2015-12-09 Thread Jason Gustafson (JIRA)

[ 
https://issues.apache.org/jira/browse/KAFKA-1894?page=com.atlassian.jira.plugin.system.issuetabpanels:comment-tabpanel=15049441#comment-15049441
 ] 

Jason Gustafson commented on KAFKA-1894:


There's been a ton of movement on the new consumer since this issue was first 
posted, so here's an update of the current blocking calls:

1. poll(timeout) blocks indefinitely for a) finding the coordinator, b) joining 
the group, and c) fetching/resetting offsets. The last of these may require an 
OffsetFetch to get the last committed position or a ListOffset to reset the 
position to the earliest or latest offset. Obviously we depend on the 
coordinator being available to join the group, but we also depend on partition 
leaders being available if we need to call ListOffset.
2. commitSync() blocks indefinitely until the commit succeeds. This may involve 
finding a new coordinator if the old one has failed.
3. position() blocks to set the position (if it needs to be set). This is 
similar to case c) in poll() above.
4. committed() blocks to fetch the last committed position if the consumer has 
no cached commit.
5. partitionsFor()/listTopics() blocks to send a TopicMetadataRequest to any of 
the brokers (if the request cannot be served from the cache).
6. close() blocks if auto-commit is enabled in a call to commitSync().

In all of these cases, we're fairly careful to propagate unrecoverable errors 
to the user. For example, commitSync() will not retry a commit if it receives 
an ILLEGAL_GENERATION since there is no way the commit can succeed after that 
error. However, there are still some situations where the blocking can be 
prolonged. In the most extreme case, if the consumer cannot connect to any of 
the brokers it knows about, it will retry indefinitely until it can.

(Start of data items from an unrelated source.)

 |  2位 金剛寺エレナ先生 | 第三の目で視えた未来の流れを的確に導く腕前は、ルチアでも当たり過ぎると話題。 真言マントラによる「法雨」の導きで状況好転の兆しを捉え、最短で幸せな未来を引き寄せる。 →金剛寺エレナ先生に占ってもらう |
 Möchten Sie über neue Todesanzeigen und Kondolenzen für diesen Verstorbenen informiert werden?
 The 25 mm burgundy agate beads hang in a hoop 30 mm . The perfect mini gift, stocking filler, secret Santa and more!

Other than 
that, the main cases that come to mind are blocking in ListOffsets when the 
partition leader is not available, and blocking in coordinator discovery when 
the coordinator cannot be found (e.g. if there is no leader for the 
corresponding partition of __consumer_offsets).

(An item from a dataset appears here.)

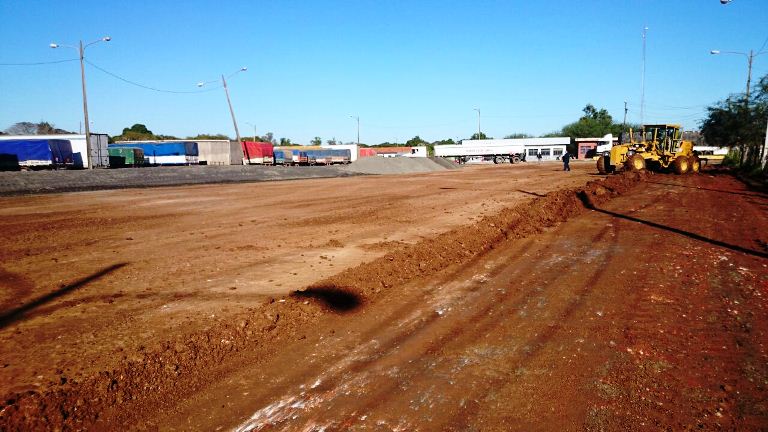Falcón, IP.- El Ministerio de Obras Públicas y Comunicaciones (MOPC) acelera los trabajos de mejoramiento en Puerto Falcón. En ese marco operarios de la firma Heisecke S.A se encuentran realizando la preparación de la base para la carpeta asfáltica donde serán instaladas las oficinas móviles de la Dirección General de Migraciones durante la visita del Papa Francisco.
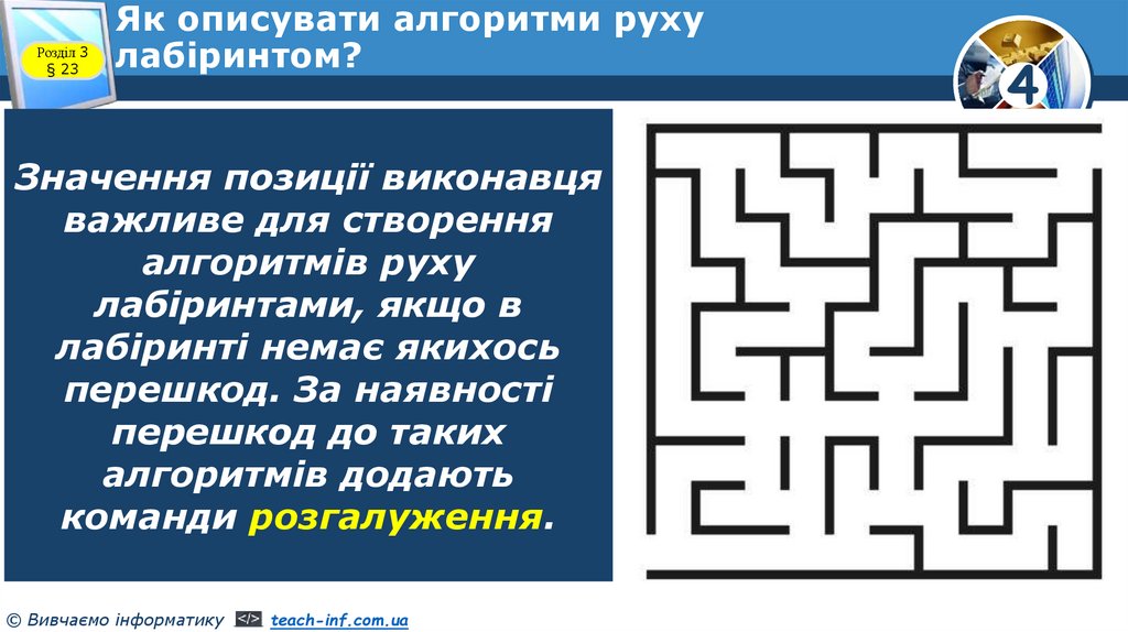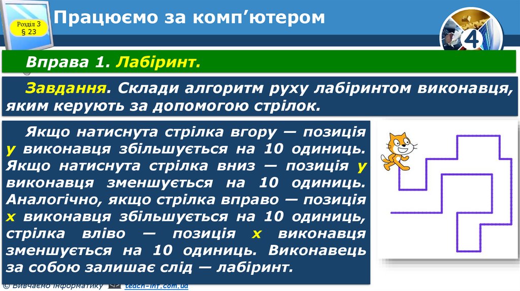 Завдання. Склади алгоритм руху лабіринтом виконавця,

Going forward, it would be ideal to have poll() enforce the timeout parameter 
in any situation. This is complicated mainly by the fact that we may have to 
leave an active rebalance in progress, which will surely require additional 
state tracking. There are some subtle implications as well. For example, if we 
return to the user with a JoinGroup on the wire, it could actually return in a 
separate blocking call and have its handler callback invoked. We'd have to be 
careful that this doesn't cause any surprises for the user (e.g. partitions 
getting revoked while a call to position() is active). We also have limited 
options when it comes to handling the rebalance callback which could itself 
call another blocking method such as commitSync(). Since we have only one 
thread to work with, there doesn't seem like much we can do in this case.

The other blocking calls are more straightforward: we can just raise a 
TimeoutException after a configurable amount of time has passed. The producer 
has a setting "max.block.ms" which we could borrow for this purpose (guess we 
would need a KIP for this now). But similarly as in poll(), we'll have to be 
careful about any state we're leaving behind when the exceptions are thrown (in 
particular requests left on the wire).

An open question for the consumer is what its behavior should be if a partition 
leader cannot be found. Once the initial offset has been found, we generally 
handle leader failures gracefully by requesting metadata updates in the 
background and continuing to fetch from the other partitions. But if the leader 
failure occurs before we've fetched the initial offset, we will not send any 
fetches until we've found the new leader. This case is probably rare in 
practice, but it would seem more desirable (and more consistent) to let 
fetching continue on other partitions. This will require decoupling the offset 
state of individual partitions, which may be tricky.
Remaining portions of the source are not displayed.